Preheat oven to 375°F. Combine flour and salt. In the bowl of an electric mixer, cream butter and sugar until fluffy. Beat in egg and vanilla (or other flavoring), and if desired, food coloring. Gradually add flour/salt while mixer is running on low speed. Pack dough into a cookie press following manufacturer's instructions (or put into a pastry bag fitted with a large star shaped tip). Press mixture onto baking sheets lined with parchment paper or silicone baking sheets. Top with sprinkles or colored sugar. Bake for 7 to 10 minutes, depending upon cookie size.

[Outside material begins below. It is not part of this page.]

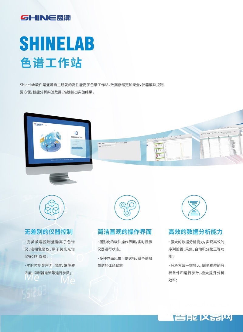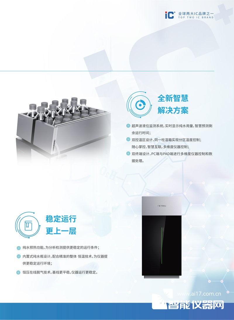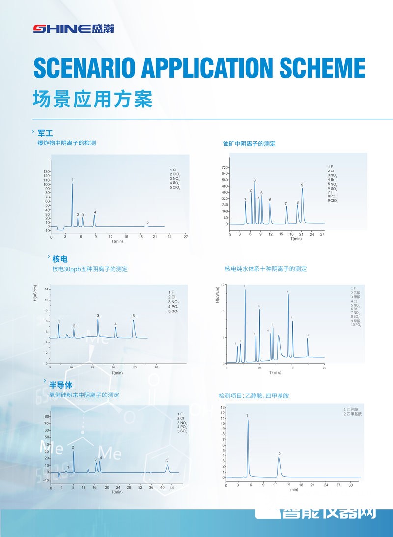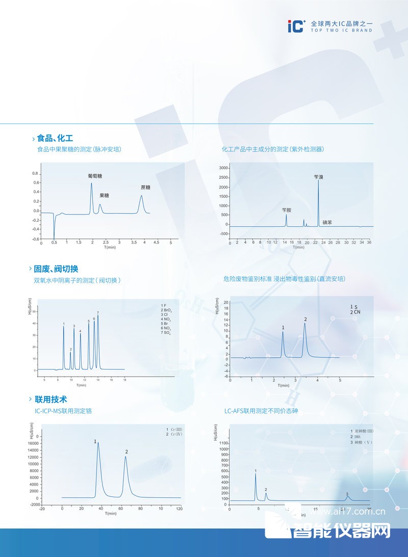 (1)双通道系统,两个通道独立运行互不干扰,完成阴/阳离子检测的同时,可以进行硫离子、碘离子等组分的分析;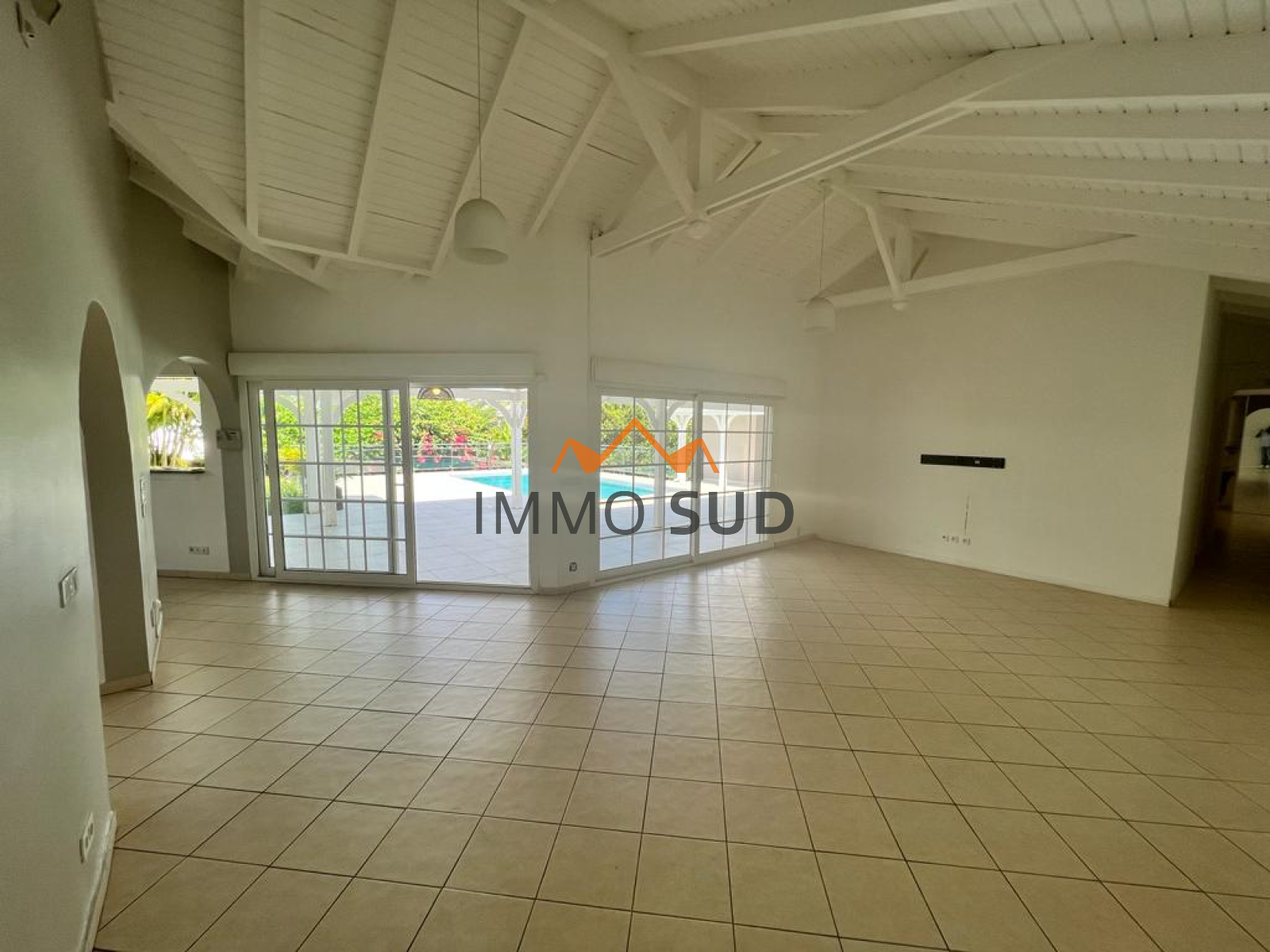 Entierrement climatisée la villa (de plain pied) est composée d'une grande pièce à vivre avec hauteur sous plafond donnant sur une grande terrasse rennové l'an dernier avec garde corps d'une superficie de 120 m2 donnant sur une piscine au sel (9x4), une grande cuisine ouverte aménagée et équipée (plaque, hotte, four, four à micro onde, lave vaisselle) avec son cellier attenant ayant une machine à laver (8kg) et un sèche linge.

My grandmother, "the greatest cook ever," used to make delicious snow ice cream. Fresh clean snow (yes, it was cleaner in the "good olde days"), whole milk or cream, sugar, and vanilla. For some reason, I crave ice cream in the Winter--maybe because of Gran's "Snow Cream." One of my mother's favorite holiday treats from her childhood was "boiled custard" (which you must not allow to boil). A rich, cooked drink similar to eggnog, boiled custard is actually a custard which is thin enough to drink from a cup. My grandmother used to make it and pour it into glass jars which she would set down outside in the snow to cool. Mom and her brother and sister would drink it outside straight from the jar and then get "switched" by Gran for stealing the family treat!

Fresh Snow Ice Cream

1 small pkg. regular (not instant) vanilla pudding mix
1 cup sugar
1/2 milk
1 pint cream
2 tbsp. vanilla extract
1 pinch ground nutmeg

1 to 2 gallons fresh, clean snow

In an extra-large, heavy mixing bowl, combine pudding mix and sugar. Stir in milk and blend until dry ingredients are dissolved. Blend in cream, vanilla extract, and nutmeg. Cover and chill until ready to serve ice cream. To make ice cream: Stir mixture well and add in enough snow to make desired consistency. Do not over-stir. Serve immediately.

Rich Boiled Custard

1 pint whole milk
1 pint cream
6 large eggs
1 cup sugar
1 tbsp. vanilla extract

Into the lower pot of a double boiler, bring water to a medium boil. In the upper pot, add milk and cream. Heat through over medium heat. Beat eggs together until light. Add sugar and mix well. Pour a small portion of hot milk mixture into the eggs and sugar to warm and thin this portion. Pour slowly into hot milk mixture. Cook, stirring constantly until it will coat a spoon. Do not over cook or mixture will become too thick. Stir in vanilla extract. Chill in refrigerator before serving.

I wish you all the very happiest of holiday seasons! I’d love to hear your favorite holiday traditions and funny stories! I absolutely adore Christmas music, even if some of it does make me cry!